Emerging technology in vision enhancement poses promising avenues for navigational assistance for people with low vision, but research and development in this area is lacking.

Shiri Azenkot intends to change this, drawing on her expertise in human computer interaction, accessibility, and computer vision to design a head-mounted display (HMD) system to help people with low vision get around outdoors independently and safely.

An assistant professor at the Jacobs Technion-Cornell Institute at Cornell Tech and in Information Science, Azenkot is the recent recipient of the National Science Foundation’s CAREER Award for her proposal, “Designing Head-Mounted Display Systems to Support People with Low Vision in Outdoor Navigation.” Azenkot’s CAREER Award brings Info Sci’s tally this year to two; colleague Malte Jung also received one for his research into human-robot collaboration and teamwork dynamics.

Head-mounted displays, or HMDs, are headsets worn over the eyes that enhance elements of the physical world. They offer promising advances in tech-assisted navigation for those with low vision, even as the technology itself is fairly nascent and limited in terms of weight, speed, and resolution. Thus far, though, HMD research has been limited. As Azenkot notes, people with low vision are rarely considered in computing research, a striking omission since the majority of people with visual impairments have some degree of usable vision. Secondly, HMD technology often enhances and augments a user’s entire field of view, which can prove disorienting and overwhelming for a user who’s attempting to focus on a single object in the environment, like a street sign, for instance.

Azenkot’s NSF-funded research will guide HMD technology into the area of outdoor navigation with the design of a platform with both visual and audio cues for people with low vision.

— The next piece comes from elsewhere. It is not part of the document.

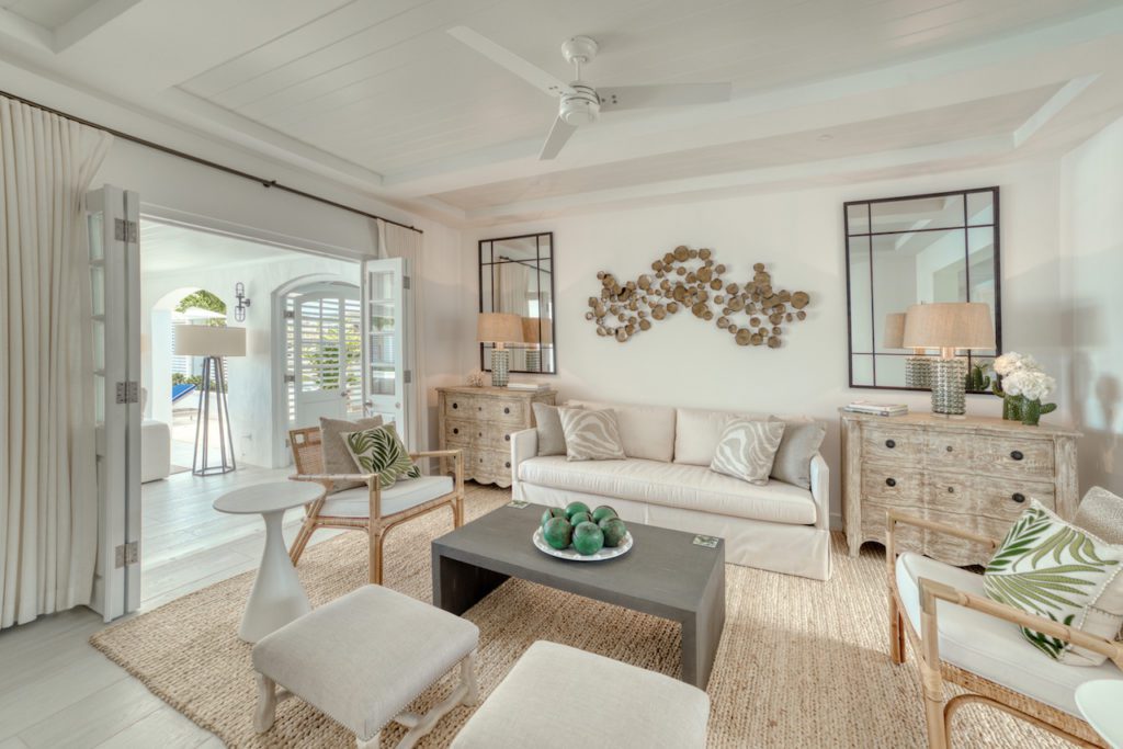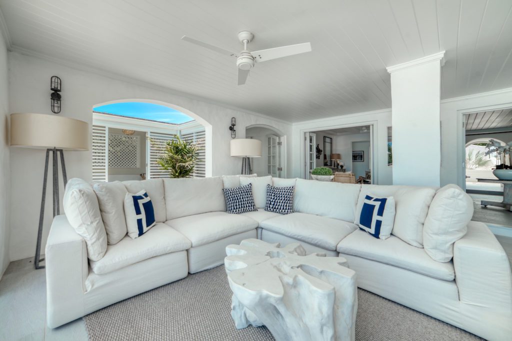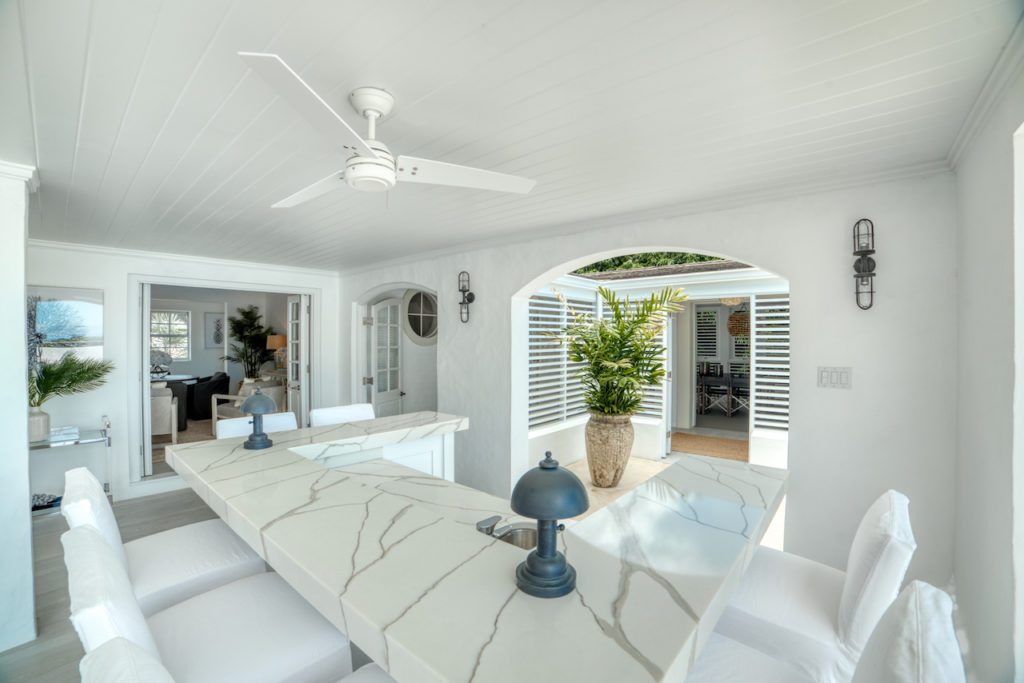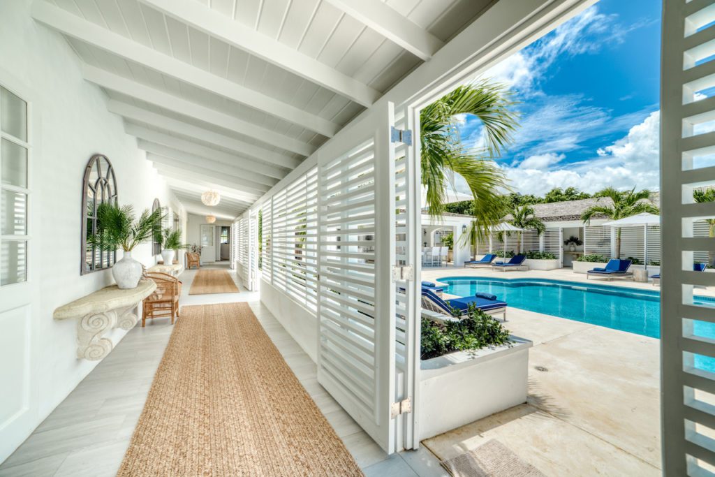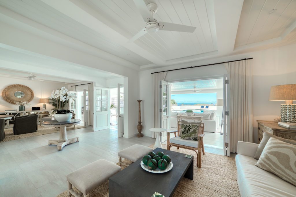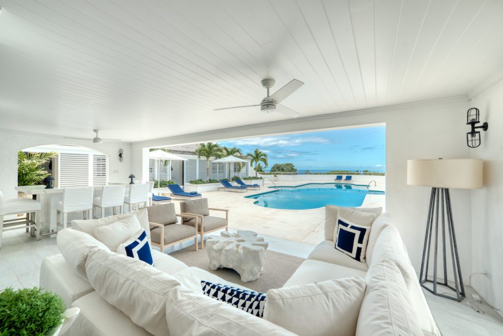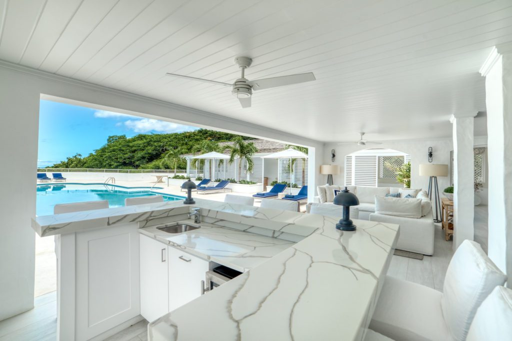 As you arrive through the gates the ‘wow’ factor view from the front door leads you through the house and beyond the pool to where the Caribbean Sea meets the sky. On the covered terrace you will find a bar with relaxed seating arrangement for hosting your sundowners.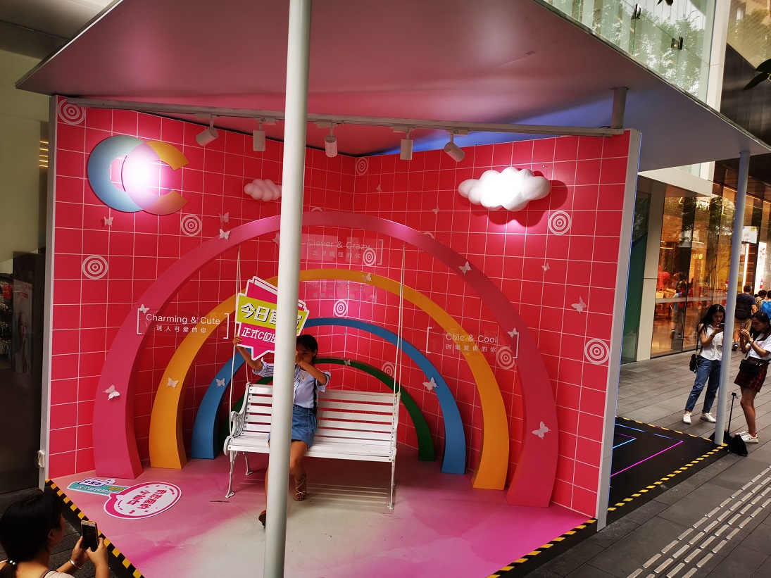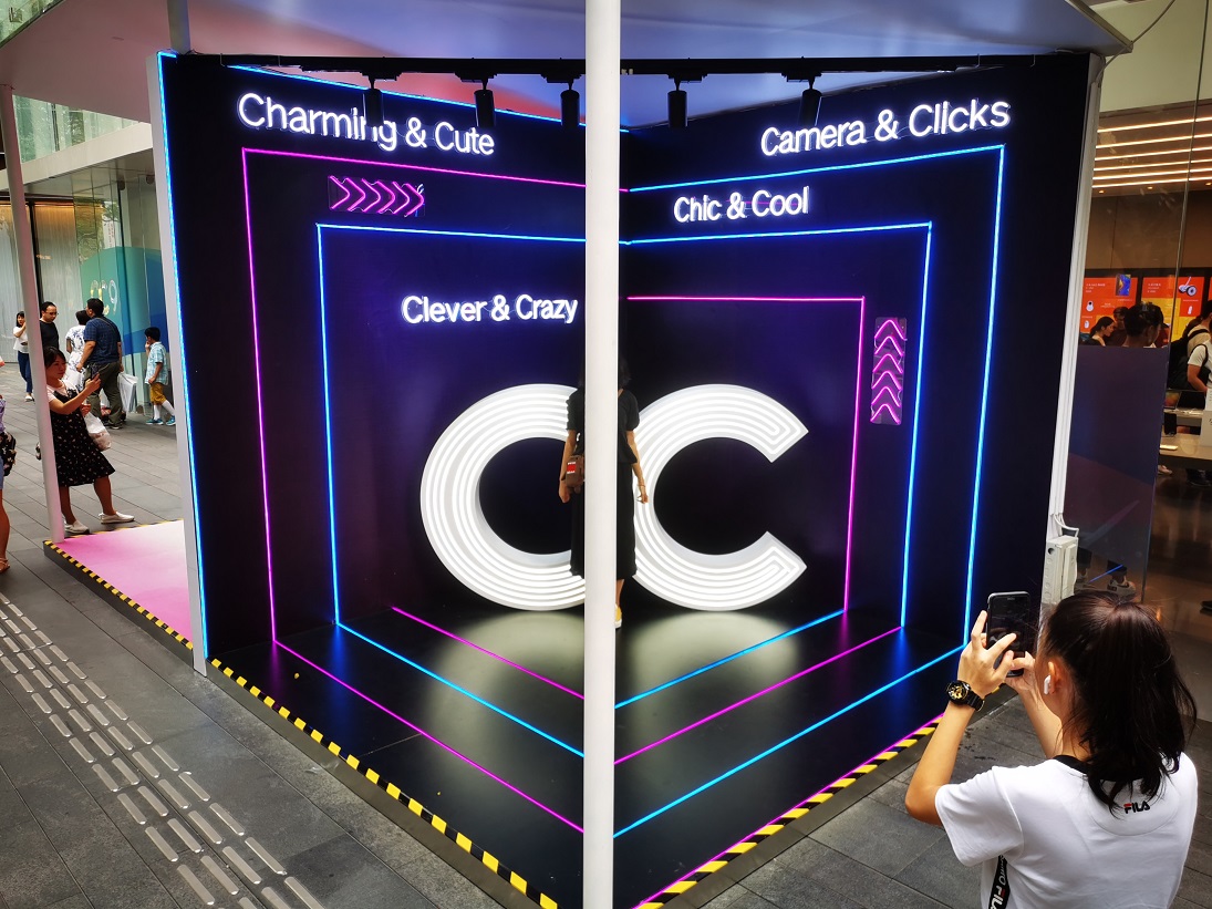 小米CC9主打3200万+4800万前后双旗舰相机,在全国21家门店制作了潮流拍照打卡点。篷房的搭建,两个空间相互背向,一侧是热烈,一侧是理性,潮流打卡点就是要让你拍出你的C位之美。

Azenkot’s NSF CAREER project builds off her previous research with CueSee, an augmented-reality, HMD system she designed to help low-vision users find specific products in a supermarket. When standing in front of a shelving unit brimming with various products, the user can tell CueSee what product to search for. Guided by computer vision algorithms, CueSee scans the shelves, locates the product and then enlarges the product image in the user’s field of view. Azenkot intends to further this work and redirect it toward navigational assistance, namely by enhancing cues to avoid obstacles, navigate elevation changes, read signs, and follow routing guidance.